**Available data:**
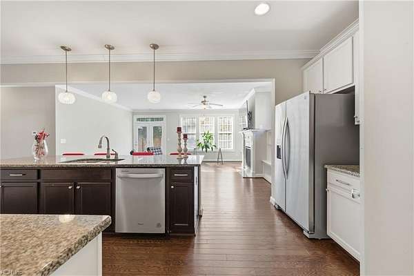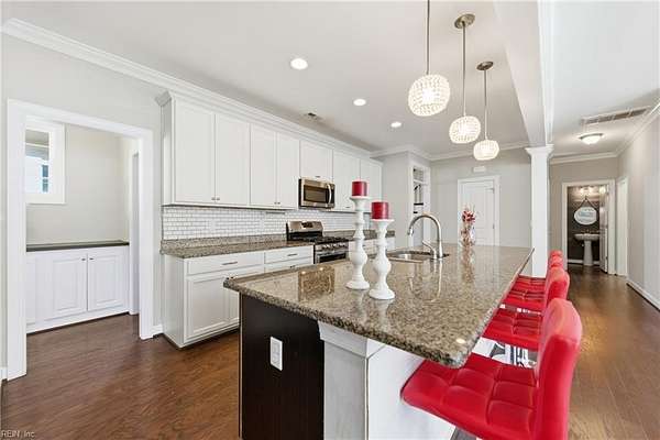 Est $4,441/moQuiet and Quaint Neighborhood in the historic courthouse/Kellam area. This home features primary suites on each level, security system, hardwood entire first floor, spacious bedrooms, Large Flex Room over the garage and so much more! This open concept home comes with high ceilings, kitchen and family room combo, butler's pantry, walk in pantry and a side porch off the dining room. The 6ft fenced private rear large yard has a salt water pool, gazebo and pavers for entertaining and kids play. Additional features include a pull down attic with flooring and multiple walk in attics great for storage. This home has been well maintained, built by Bishard homes and located in the Kellam school district.
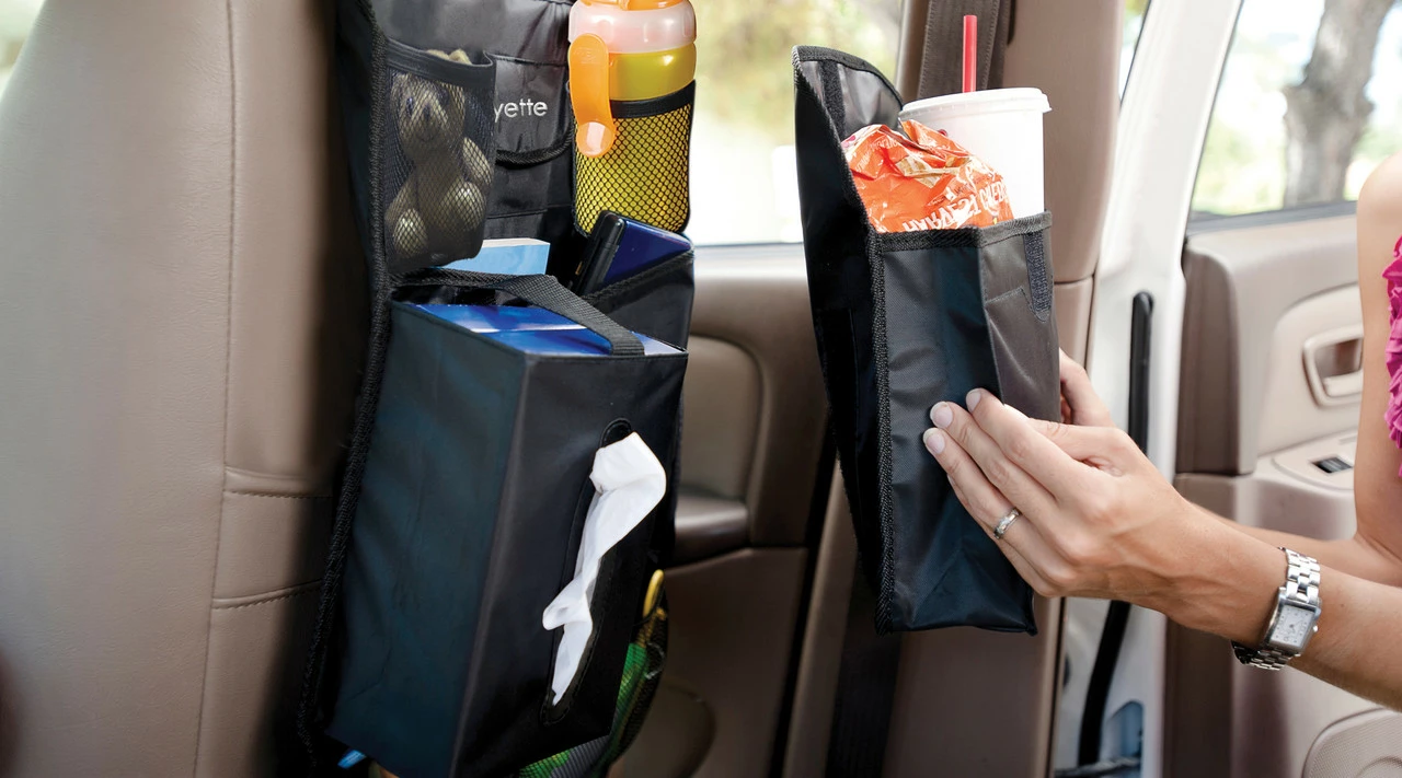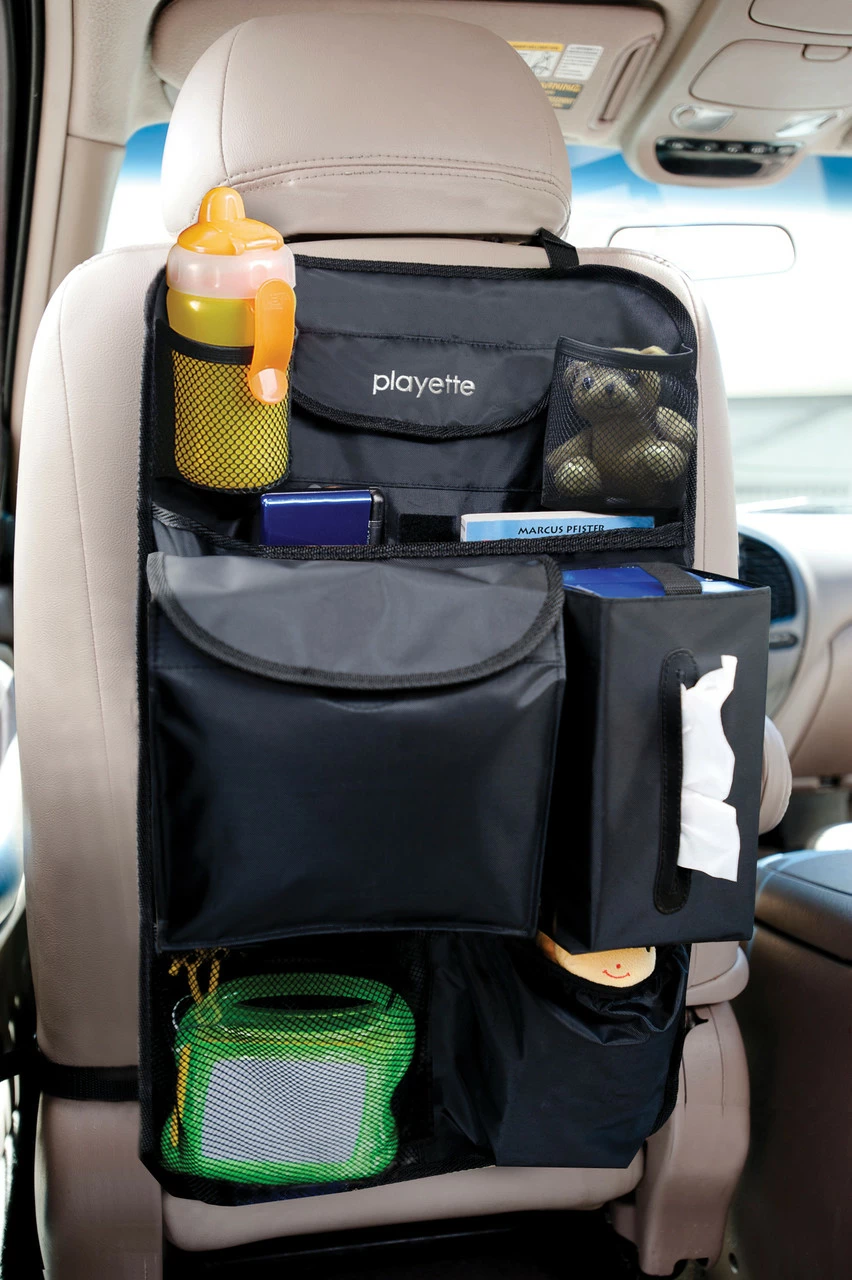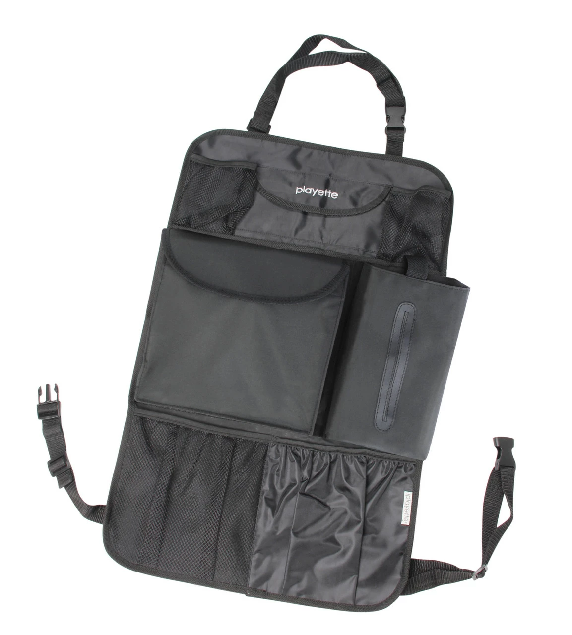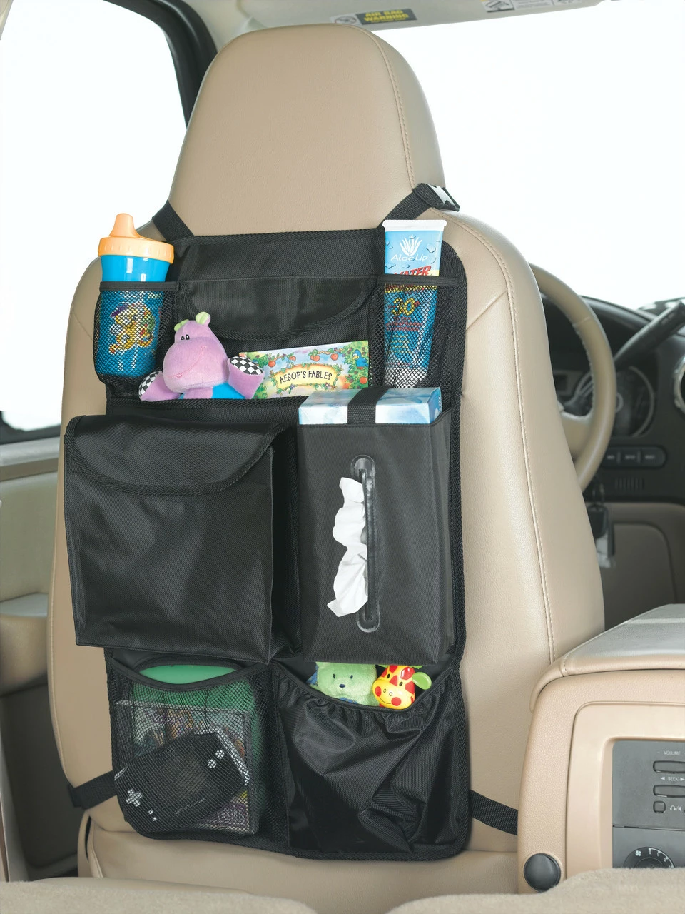 Convenient storage solution for your travel needs, buckles easily to back of seat, wipes clean easily, removable waste compartment, tissue dispenser, heavy duty non-rip nylon material and attaches easily to back of seat
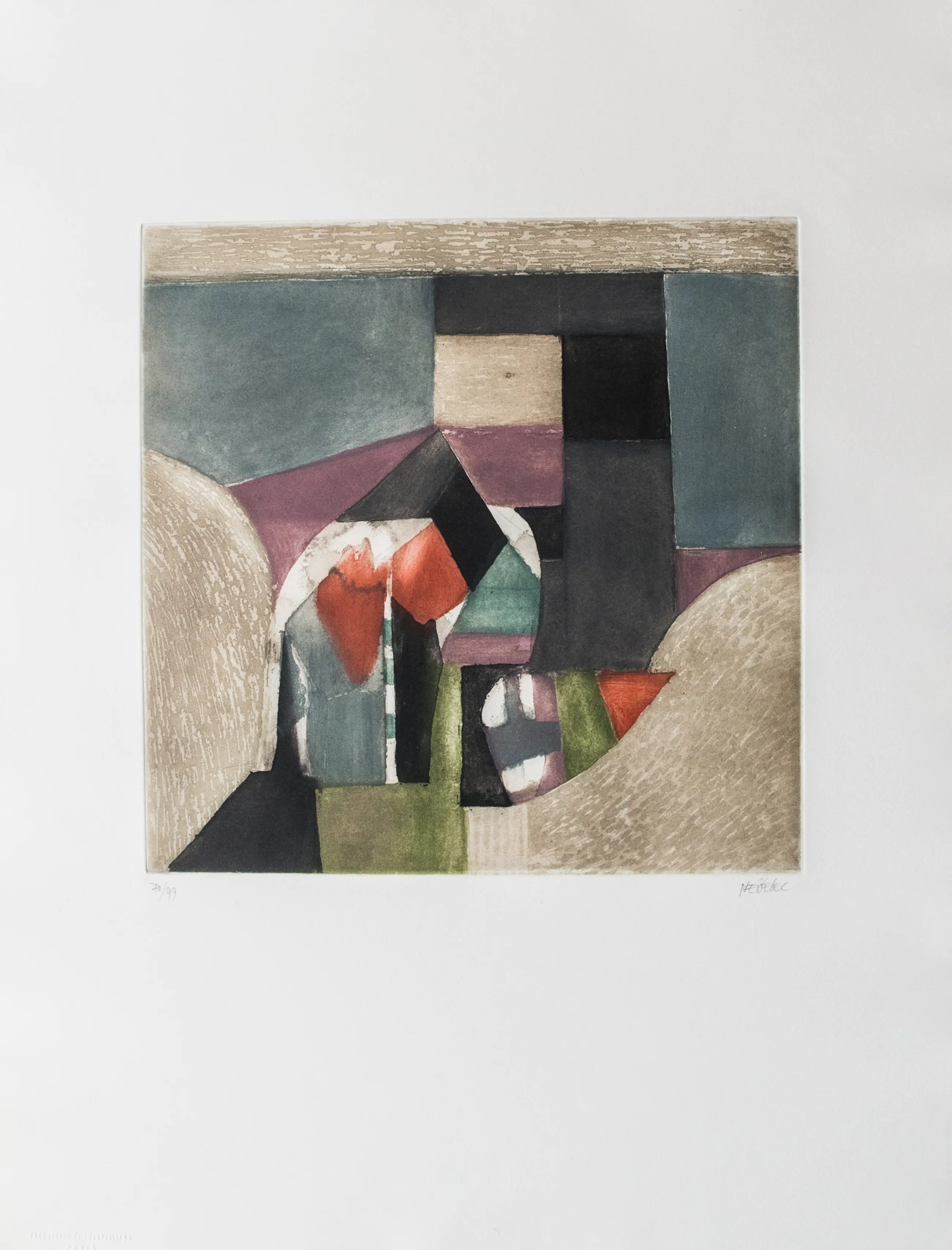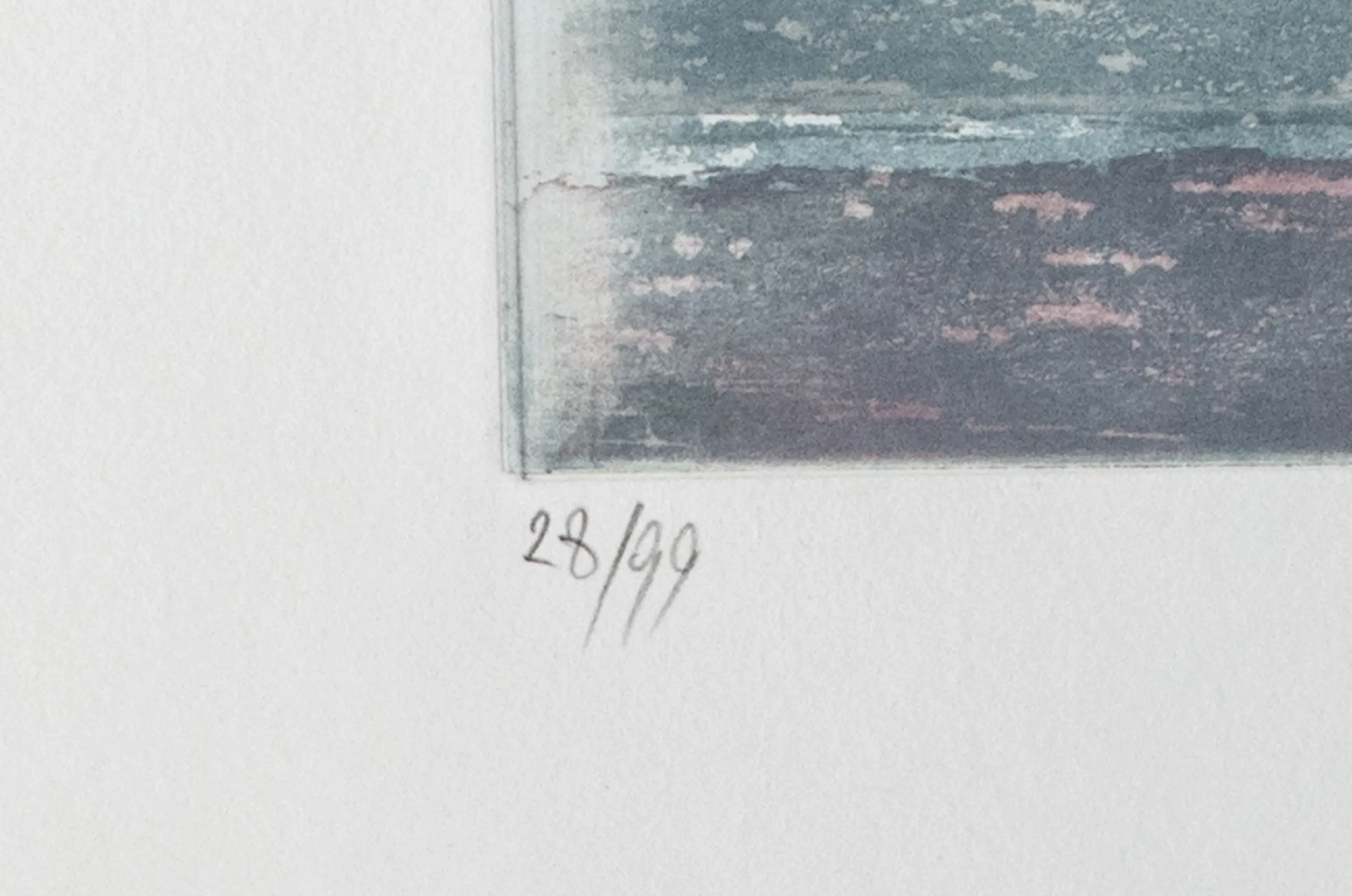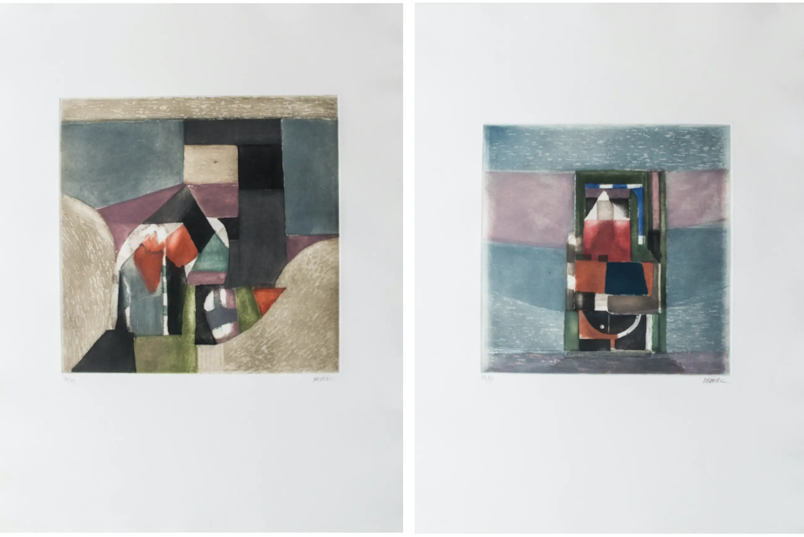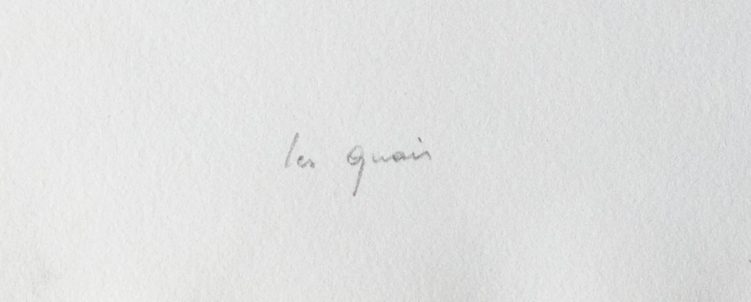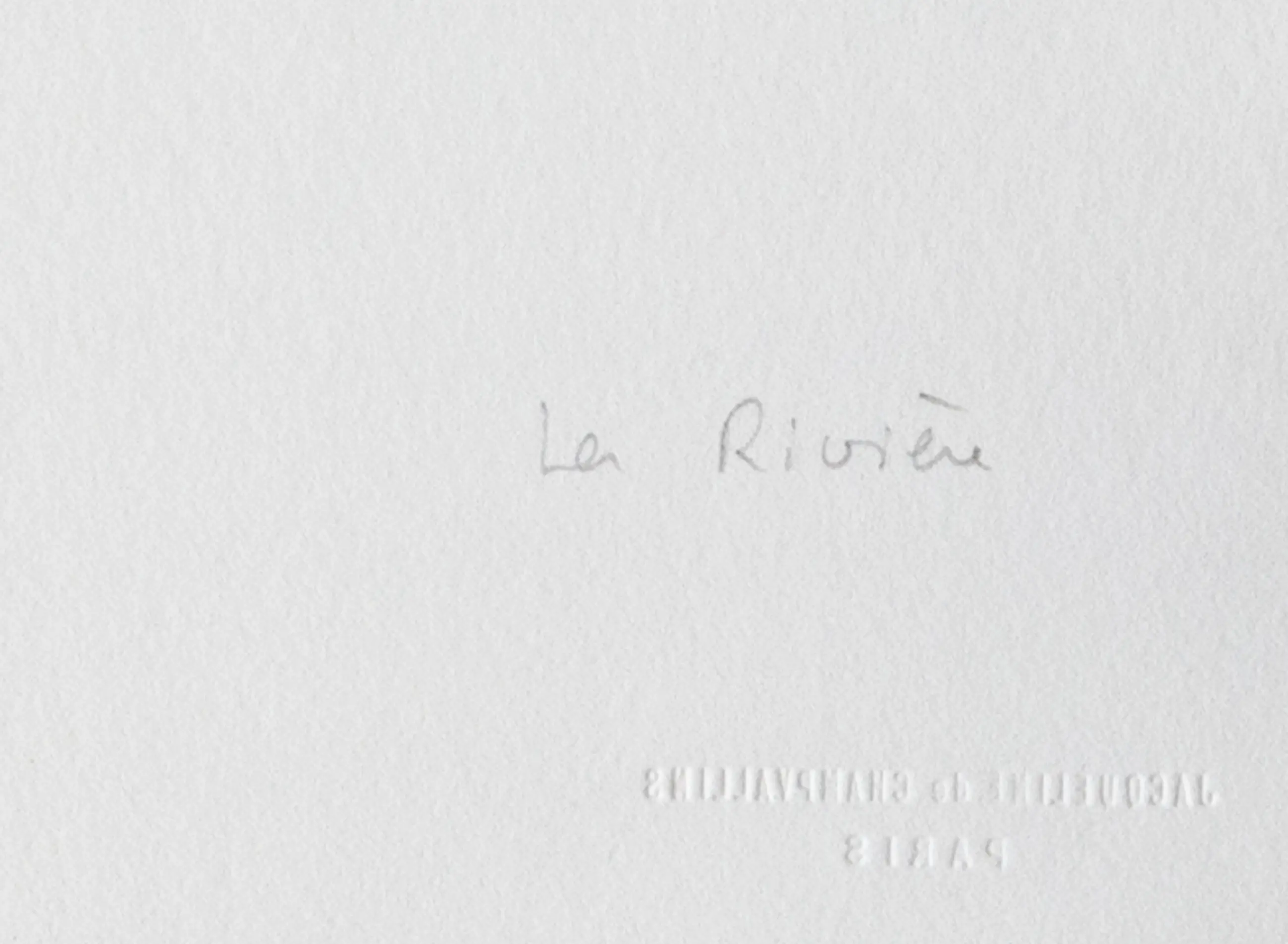 Twee kleuretsen, handgesigneerd en genummerd met potlood, getiteld op de achterkant. Formaat afbeeldingen 30 x 30 cm. (Rivière) en 33 x 32 (Les Quais) Formaat papier 66,5 x 50,5 cm.

**Requirement:** The answer must be the full listing above, copied exactly, with no pictures in it.

**Task output:**
 Est $4,441/moQuiet and Quaint Neighborhood in the historic courthouse/Kellam area. This home features primary suites on each level, security system, hardwood entire first floor, spacious bedrooms, Large Flex Room over the garage and so much more! This open concept home comes with high ceilings, kitchen and family room combo, butler's pantry, walk in pantry and a side porch off the dining room. The 6ft fenced private rear large yard has a salt water pool, gazebo and pavers for entertaining and kids play. Additional features include a pull down attic with flooring and multiple walk in attics great for storage. This home has been well maintained, built by Bishard homes and located in the Kellam school district.
 Convenient storage solution for your travel needs, buckles easily to back of seat, wipes clean easily, removable waste compartment, tissue dispenser, heavy duty non-rip nylon material and attaches easily to back of seat
 Twee kleuretsen, handgesigneerd en genummerd met potlood, getiteld op de achterkant. Formaat afbeeldingen 30 x 30 cm. (Rivière) en 33 x 32 (Les Quais) Formaat papier 66,5 x 50,5 cm.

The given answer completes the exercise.